Set-Cookie3: BAIDUID="335C106DE8D30F26AE2B446B5EA0C5EB:FG=1"; path="/"; domain=".baidu.com"; path_spec; domain_dot; expires="2021-03-28 04:12:25Z"; comment=bd; version=0

Set-Cookie3: BIDUPSID=335C106DE8D30F26276CDC5076B8F1AB; path="/"; domain=".baidu.com"; path_spec; domain_dot; expires="2088-04-15 07:26:32Z"; version=0

Set-Cookie3: H_PS_PSSID=30962_1457_31122_21126_30824; path="/"; domain=".baidu.com"; path_spec; domain_dot; discard; version=0

Set-Cookie3: PSTM=1585368744; path="/"; domain=".baidu.com"; path_spec; domain_dot; expires="2088-04-15 07:26:32Z"; version=0

Set-Cookie3: BDSVRTM=0; path="/"; domain="www.baidu.com"; path_spec; discard; version=0

Set-Cookie3: BD_HOME=1; path="/"; domain="www.baidu.com"; path_spec; discard; version=0

# 对Cookies文件的利用
import http.cookiejar,urllib.request

filename = 'cookie1.txt'

cookie = http.cookiejar.LWPCookieJar(filename)
handler = urllib.request.HTTPCookieProcessor(cookie)
opener = urllib.request.build_opener(handler)
response = opener.open('http://www.baidu.com')
cookie.save(ignore_discard=True,ignore_expires=True)

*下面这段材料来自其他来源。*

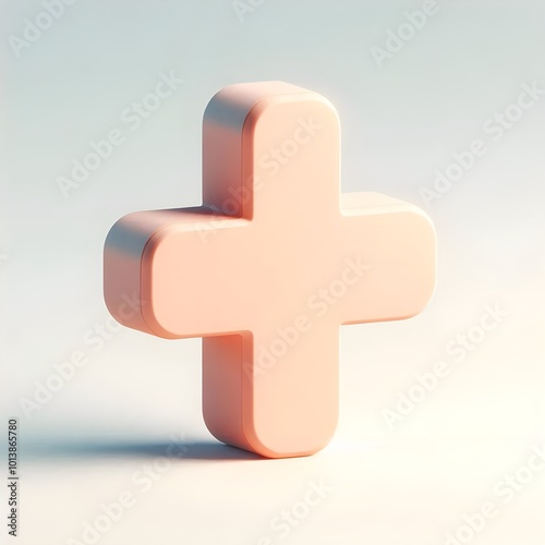 Obraz premium 3D Peach-Colored Plus Sign on a Minimalist Backdrop

# 用load()方法读取本地文件,获取Cookies的内容
cookie.load('cookie1.txt',ignore_expires=True,ignore_discard=True)
handler = urllib.request.HTTPCookieProcessor(cookie)
opener = urllib.request.build_opener(handler)
response = opener.open('https://www.baidu.com')
# 这里输出百度网站的源代码
print(response.read().decode('utf-8'))
# 通过这种方法可以实现绝大多数请求的设置

# 运行结果
<html>
<head>
	<script>
		location.replace(location.href.replace("https://","http://"));
	</script>
</head>
<body>
	<noscript><meta http-equiv="refresh" content="0;url=http://www.baidu.com/"></noscript>
</body>
</html>
Error 模块
URLError

URLError 来自urllib中的error模块,继承了OSError类,是error异常模块的基类
可以用来处理request生成的异常

# 实例
from urllib import request,error
try:
    response = request.urlopen('https://joker.com/index.html')
except error.URLError as e:
    print(e.reason)
# 运行结果
Not Found
HTTPError

是URLError的子类,用于处理HTTP请求错误
它包含三个属性:code(返回HTTP状态码),reason(返回错误原因),headers(返回请求头)

# 实例
from urllib import request,error
try:
    response = request.urlopen('https://joker.com/index.html')
except error.HTTPError as e:
    print(e.reason,e.code,e.headers,sep='\n')
# 运行结果
Not Found
404
Server: nginx
Date: Sat, 28 Mar 2020 07:37:55 GMT
Content-Type: text/html; charset=UTF-8
Transfer-Encoding: chunked
Connection: close
Set-Cookie: Joker_Session=sjpf9uffn808s4lqqg1n5i44s8; path=/; secure; HttpOnly
Expires: Thu, 19 Nov 1981 08:52:00 GMT
Cache-Control: no-store, no-cache, must-revalidate
Pragma: no-cache
X-Frame-Options: SAMEORIGIN
X-XSS-Protection: 1; mode=block
X-Content-Type-Options: nosniff
Set-Cookie: ZLBSYS=WEB3; expires=Sat, 28-Mar-2020 07:47:55 GMT; path=/; secure; HttpOnly
# 因为URLError是HTTPError的父类,所以可以先捕获子类的错误,获取他的状态码,原因,headers等,
# 如果不是子类的错误,则捕获父类错误,输出错误原因,最后用else来处理正常情况
Parse 模块
urlparse

实现URL的识别和分段

# 实例
from urllib.parse import urlparse

# urlparse将URL拆分为6个部分
# ://前为scheme(协议),第一个/前为netloc(域名),域名后面是path(访问路径)
# ';'后面是params(参数),'?'后面是query(查询条件,一般用作GET类型的URL),'#'后面是fragment(锚点,用于直接定位页面内部的下拉设置)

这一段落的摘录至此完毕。